CONTRIBUTION OF THE COURSE TO MEETING THE
PROFESSIONAL COMPONENT
The course gives students experience in component versus system-level thinking. The course provides breadth and depth of experience with application of analysis tools to design evaluation of components and systems that produce or use energy.
The course addresses the professional component of engineering through experience in teamwork, communication skills and the importance of energy technologies in the context of societal needs.
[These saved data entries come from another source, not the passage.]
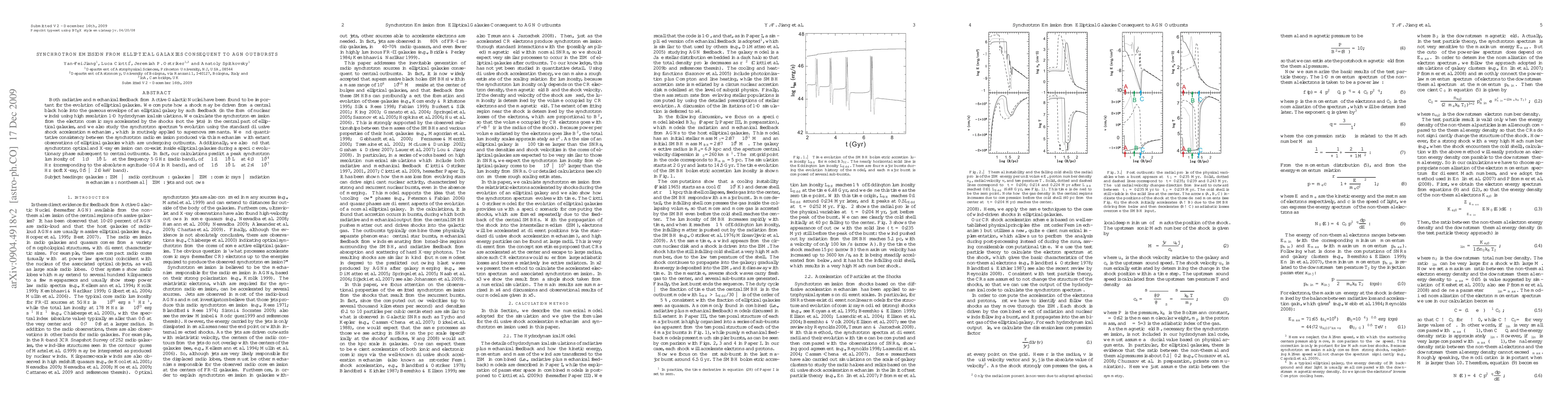 This research investigates synchrotron emission from elliptical galaxies following Active Galactic Nucleus (AGN) outbursts, using high-resolution simulations to model the shock-driven acceleration of cosmic rays. The study finds good quantitative agreement between predicted synchrotron radio, optical, and X-ray emissions and observational data, predicting significant luminosity in these bands during the post-outburst phase of elliptical galaxies.
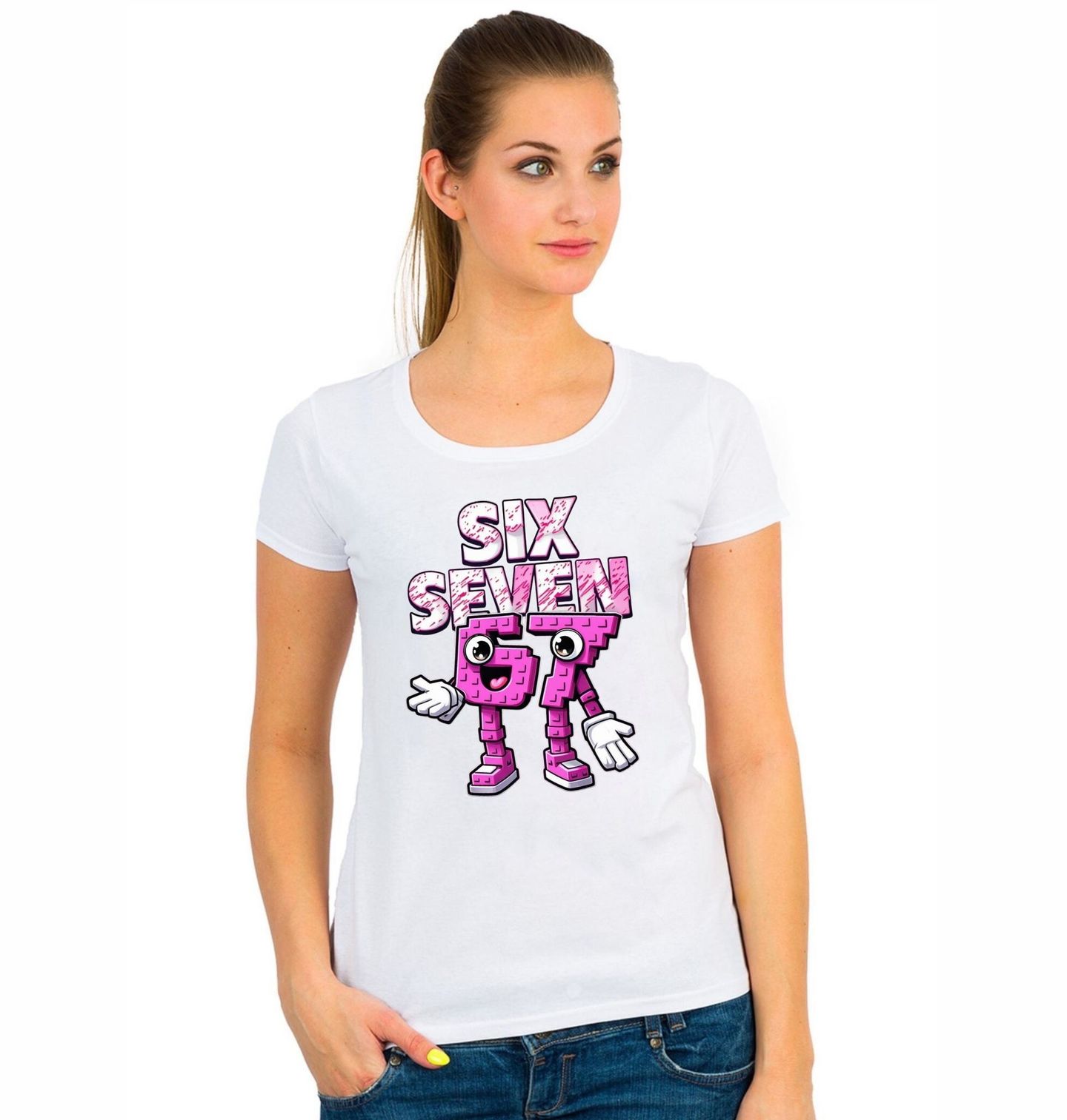 Dámské tričko Six Seven Růžové Lego 67. Tento výrazný design kombinuje čísla a postavičku z lega do zábavného motivu, kde dominuje číslo 67 v hravém stylu. Text „Six Seven “ lze přeložit jako „šest sedm “ a dodává motivu moderní vibe. Design je ideální pro ty, kdo chtějí vystoupit z davu a ukázat svou energii i smysl pro humor.
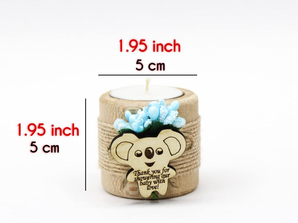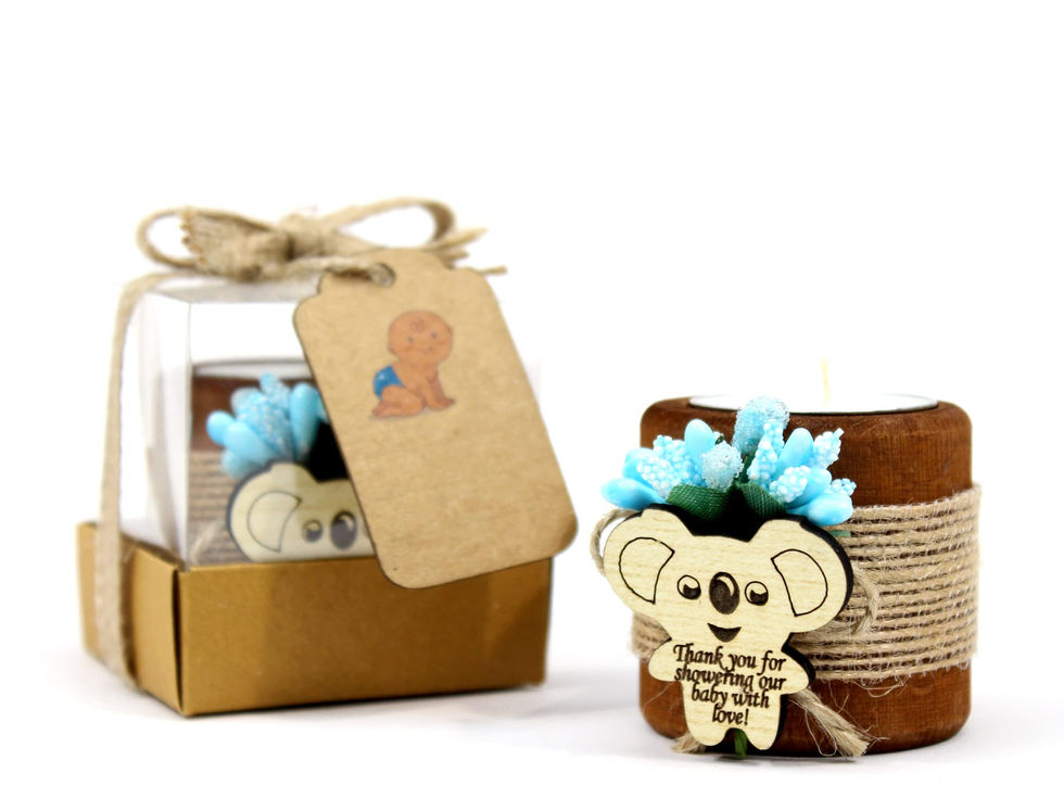 Rustic wood candle holders are perfect to your baby shower, newborn party decoration and table centerpieces. Great memorial favors for your newborn boys and girls, great choice for baby shower party or centerpiece favor Modern style wooden personalized candle holders are great decor for your birthday centerpieces, table decorations, home decorations & wood decor. Also a great for new baby gifts for baby shower gift. Candle holder dimensions are 1.95" inches Diameter and 1.95" inches height. The tealight is 1.35" inches diameter and 0.4" inches deep. Our products are made of wood and handmade. These tealight holders are decorated with artificial flowers, cylinder shaped tealight holder and tealight, included 2x jute rope, "Thank You for Showering Our Baby with Love" Wooden Koala tag, 2x Burlap, Special Gift Box, Kraft Tag. Clean and trustworthy tea light holder and safe packaging with gift box and also it has durable usage in every day life , simple tealight , ready for use. For Baby Shower Decorations: Shawly Sisters wood candle holders are perfect for baby shower and special occasions. You can use these wooden holders for newborn boys and girls as the keepsake favors.

RELATIONSHIP OF THE COURSE TO
ABET PROGRAM OUTCOMES
This course helps the students to develop: an ability to apply knowledge of mathematics, science, and engineering. An ability to design a system, component, or process to meet desired needs within realistic constraints such as economic, environmental, social, political, ethical, health and safety, manufacturability, and sustainability. An ability to function on multi-disciplinary teams. An ability to identify, formulate, and solve engineering problems. An ability to communicate effectively. The broad education necessary to understand the impact of engineering solutions in global, economic, environmental, and societal context. A knowledge of contemporary issues. An ability to use the techniques, skills, and modern engineering tools necessary for engineering practice.
ASSESSMENT OF STUDENT PROGRESS TOWARD COURSE OBJECTIVES
Homework assignments (15%),
5 Quizzes (15%),
3 Midterm projects (40%),
Final examination (30%).
PERSON(S) WHO PREPARED THIS DESCRIPTION:
Professor V. P. Carey